This study aimed to develop predictive models and establish a risk scoring system to identify risk factors associated with survival in uterine cancer patients with type 2 diabetes (T2D) and estimate their survival probabilities.
Data were collected from the Hong Kong Hospital Authority Data Collaboration Laboratory (HADCL) from 2000 to 2020. Cox proportional hazards regression, survival tree, LASSO Cox regression, boosting, and random survival forest (RSF) were utilized to develop predictive models for survival. Key risk factors were identified through Shapley Additive Explanations analysis, whereas the AutoScore-Survival package facilitated the development of a risk scoring system.
This cohort study included 2047 uterine cancer patients with T2D. The average survival time was 100.82 (standard deviation: 72.75) months. The RSF model demonstrated the strongest predictive performance, achieving a time-dependent area under the curve (AUC) of 0.823 and a C-index of 0.90. A risk scoring system was created based on several criteria: age at cancer diagnosis, duration of T2D, creatinine levels, serum potassium level, low-density lipoprotein cholesterol level (LDL-C) level, body mass index (BMI), and triglycerides level. This scoring system classified 31.4% of patients as high-risk, resulting in a 5-year survival probability of 43.5%, about 1.7 times lower than that of the low-risk group.

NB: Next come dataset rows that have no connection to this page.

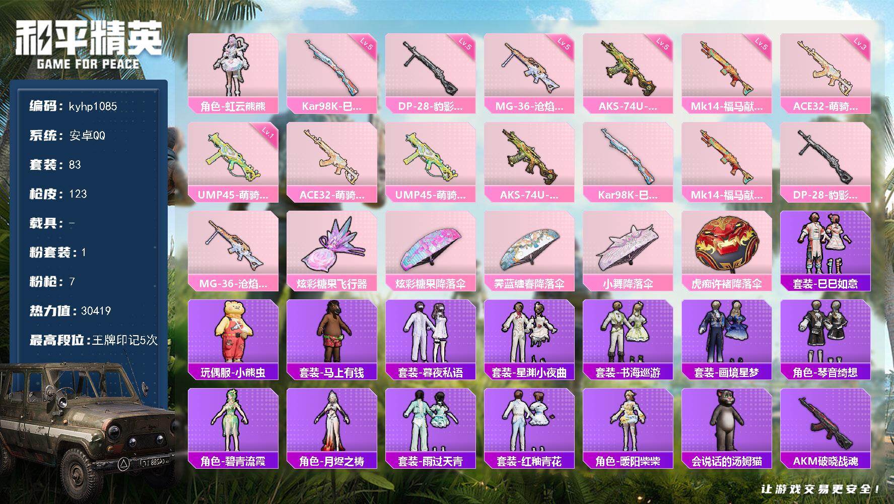 PX_2537087-,安卓手Q-1王牌印记-4特效枪-11727热力值-43套装-47枪皮 【4特效枪】DP-28-豹影疾电/2级,ACE32-萌骑漫游/2级,Kar98K-巳巳如意/2级,Mk14-福马献瑞/5级 【43稀有时装】紫俏灵猫,马上有钱,SS36特训,龙的传人,潮流炫酷,SS37特训,蓝色运动,黄色伏地魔,白色伏地魔,酒红色名流,阳光火鸡,湖蓝色名流,黄色名流,漫步者,黑色伏地魔,竞技名士,深蓝色名流,猛禽,长空猛禽,旭日情侣,冷焰舞者,魅力单车,幻世战舞者,牛气满满,狙击之神,红釉青花,麻辣教官,鹰眼刺客,雨过天青,福马献瑞,冰冻风暴,幻影武者,疯狂小兔子,绮丽涂鸦,奈斯,牛气冲天,SS20特训,SS21特训,玉兔迎春,SS22特训,SS23特训,柠萌假日,SS24特训 【48稀有枪械】Kar98K-巳巳如意/2级,Mk14-福马献瑞/5级,DP-28-豹影疾电/2级,ACE32-萌骑漫游/2级,S1897-精灵梦叶罗丽,MK12-乌木金纹,Kar98K-星穹咏叹调,信号枪-异瞳寒姬,MG-36-薄荷星砂,M416-糯团青竹,AKM-破晓战魂,SCAR-L-玉兔迎春,GROZA-影袭,AUG-幻影战神,AUG-甜蜜菠萝,M762-天降萌叽,Mk47-乌木金纹,AC-VAL-天降萌叽,Kar98K-幻影战神,AWM-天降萌叽,莫辛纳甘-乌木金纹,SKS-炫彩节奏,Mk14-乌木金纹,UZI-幻影战神,Vector-生命誓言,汤姆逊-幻影战神,P90-乌木金纹,S686-生命誓言,S1897-炫彩节奏,S12K-幻世战舞者,S12K-夜灯,MG3-乌木金纹,平底锅-光之冒险,撬棍-幻世战舞者,MG3-火熔核心,ACE32-冰晶雪宝,M16A4-雨过天青,GROZA-福马献瑞,蜜獾-启元战纹,AMR-雨过天青,SLR-乌木金纹,AA12-G-雨过天青,PKM-雨过天青,沙漠之鹰-雨过天青,燃烧瓶-福马献瑞,P90-紫矿核心,汤姆逊-像素花束,MG3-火熔核心 【1稀有飞行器】马上有福飞行器 【3稀有背包】幻影战神背包(3级),华贵君王背包(3级),福马献瑞背包(3级) 【9稀有降落伞】狂鲨锋刃降落伞,雨过天青降落伞,福马献瑞降落伞,都市猎人降落伞,绚烂橙彩降落伞,普通降落伞,化学天才降落伞,白昼之火降落伞,幻世战舞者降落伞 【5稀有头盔】甜蜜菠萝头盔(3级),星穹咏叹调头盔(3级),江南烟雨头盔(3级),深海小丑鱼头盔(3级),福马献瑞头盔(3级)
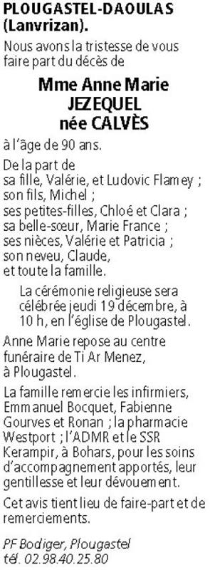 Madame Anne Marie JEZEQUEL née Calvès
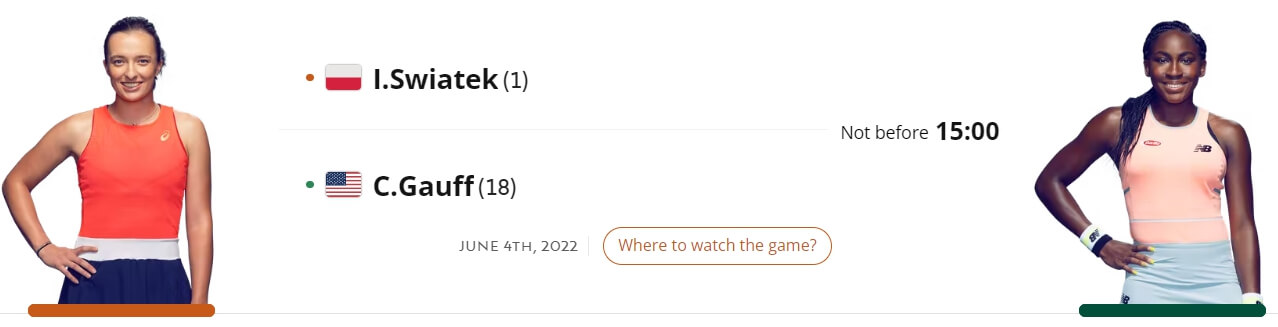 시비옹테크는 2020년 이 대회에서 우승했고, 고프는 이번이 생애 첫 메이저 대회 결승 진출입니다.

This study leveraged machine learning to identify key survival predictors and develop a clinically interpretable risk scoring system for uterine cancer patients with T2D. Key predictors, including age at cancer diagnosis, duration of T2D, creatinine levels, serum potassium levels, LDL-C levels, BMI, and triglycerides levels, effectively stratified survival risk. These findings demonstrate the potential of data-driven models to enhance individualized prediction and inform targeted clinical management.